▸ EXERCISE INSTRUCTIONS:
I would like the line with "圖5 2024年?duì)I" and every line after it, down to the end of the entries below, output exactly and without pictures.

▸ DATA PROVIDED:

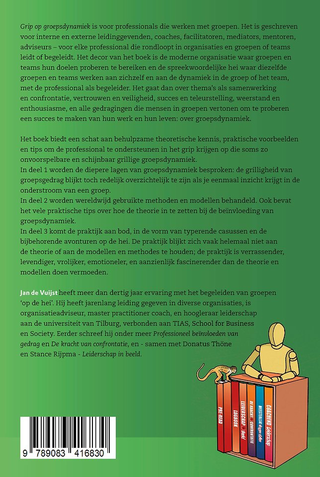 Meer over Jan de VuijstGrip op groepsdynamiek is voor professionals die werken met groepen. Het is geschreven voor interne en externe leidinggevenden, coaches, facilitatoren, mediators, mentoren, adviseurs – voor elke professional die rondloopt in organisaties en groepen of teams leidt of begeleidt. Het decor van het boek is de moderne organisatie waar groepen en teams hun doelen proberen te bereiken en de spreekwoordelijke hei waar diezelfde groepen en teams werken aan zichzelf en aan de dynamiek in de groep of het team, met de professional als begeleider. Het gaat dan over thema’s als samenwerking en confrontatie, vertrouwen en veiligheid, succes en teleurstelling, weerstand en enthousiasme, en alle gedragingen die mensen in groepen vertonen om te proberen een succes te maken van hun werk en hun leven: over groepsdynamiek. Het boek biedt een schat aan behulpzame theoretische kennis, praktische voorbeelden en tips om de professional te ondersteunen in het grip krijgen op die soms zo onvoorspelbare en schijnbaar grillige groepsdynamiek. In deel 1 worden de diepere lagen van groepsdynamiek besproken: de grilligheid van groepsgedrag blijkt toch redelijk overzichtelijk te zijn als je eenmaal inzicht krijgt in de onderstroom van een groep. In deel 2 worden wereldwijd gebruikte methoden en modellen behandeld. Ook bevat het vele praktische tips over hoe de theorie in te zetten bij de beïnvloeding van groepsdynamiek. In deel 3 komt de praktijk aan bod, in de vorm van typerende casussen en de bijbehorende avonturen op de hei. De praktijk blijkt zich vaak helemaal niet aan de theorie of aan de modellen en methodes te houden; de praktijk is verrassender, levendiger, vrolijker, emotioneler, en aanzienlijk fascinerender dan de theorie en modellen doen vermoeden. Met illustraties van Eric J. Coolen en Laurent Berset
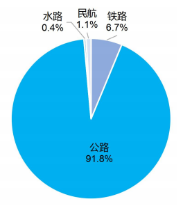 圖5 2024年?duì)I業(yè)性貨運(yùn)量構(gòu)成(按運(yùn)輸方式分)
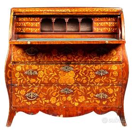 DUTCH WALNUT AND FLORAL MARQUETRY BOMBE CYLINDER BUREAU
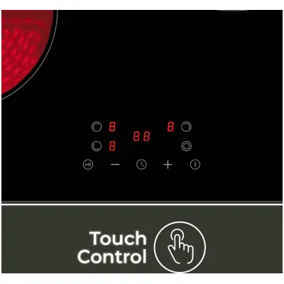 Estética cristal negro y sistema de control táctil con 9 niveles de potencia de cocción y funciones para obtener el mayor rendimiento y seguridad en el proceso de cocción.
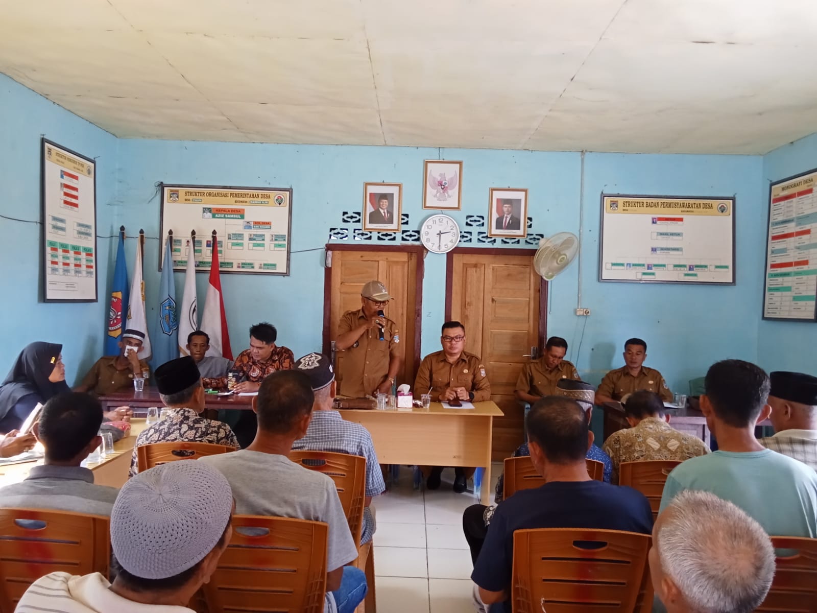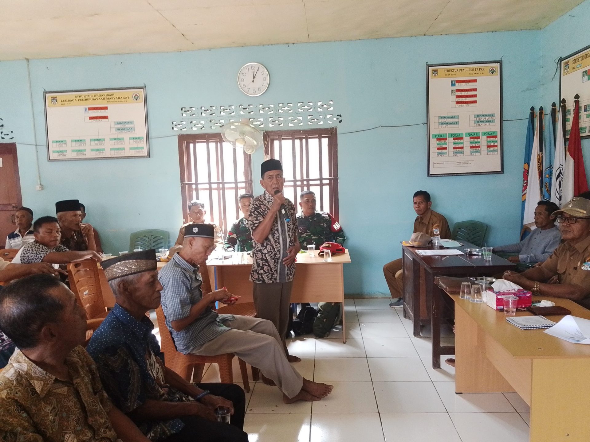 Babinsa Koramil 406-02/Rawas Ilir, Praka Jeffy Ardiyan Saputra, menghadiri pertemuan desa yang membahas peraturan keamanan di Desa Pauh, Kecamatan Rawas Ilir, Kabupaten Musi Rawas Utara. Pertemuan ini berlangsung di kantor desa dan dihadiri oleh perangkat desa serta warga setempat.
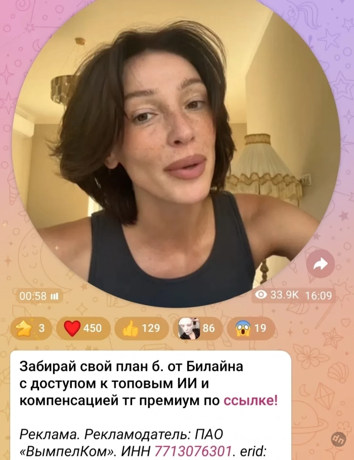 В своём новостном телеграм-канале 34-летняя блогерша опубликовала новое видео, в котором рассказала о новом тарифном плане "Билайн" с доступам к ChatGPT и DeepSeek. "Это технологичный помощник, созданный для поддержки молодого поколения, то бишь нас. Да, я — молодёжь", — заявляет Настя в ролике, который вышел с пометкой о рекламе.

▸ RESULT:
 圖5 2024年?duì)I業(yè)性貨運(yùn)量構(gòu)成(按運(yùn)輸方式分)
 DUTCH WALNUT AND FLORAL MARQUETRY BOMBE CYLINDER BUREAU
 Estética cristal negro y sistema de control táctil con 9 niveles de potencia de cocción y funciones para obtener el mayor rendimiento y seguridad en el proceso de cocción.
 Babinsa Koramil 406-02/Rawas Ilir, Praka Jeffy Ardiyan Saputra, menghadiri pertemuan desa yang membahas peraturan keamanan di Desa Pauh, Kecamatan Rawas Ilir, Kabupaten Musi Rawas Utara. Pertemuan ini berlangsung di kantor desa dan dihadiri oleh perangkat desa serta warga setempat.
 В своём новостном телеграм-канале 34-летняя блогерша опубликовала новое видео, в котором рассказала о новом тарифном плане "Билайн" с доступам к ChatGPT и DeepSeek. "Это технологичный помощник, созданный для поддержки молодого поколения, то бишь нас. Да, я — молодёжь", — заявляет Настя в ролике, который вышел с пометкой о рекламе.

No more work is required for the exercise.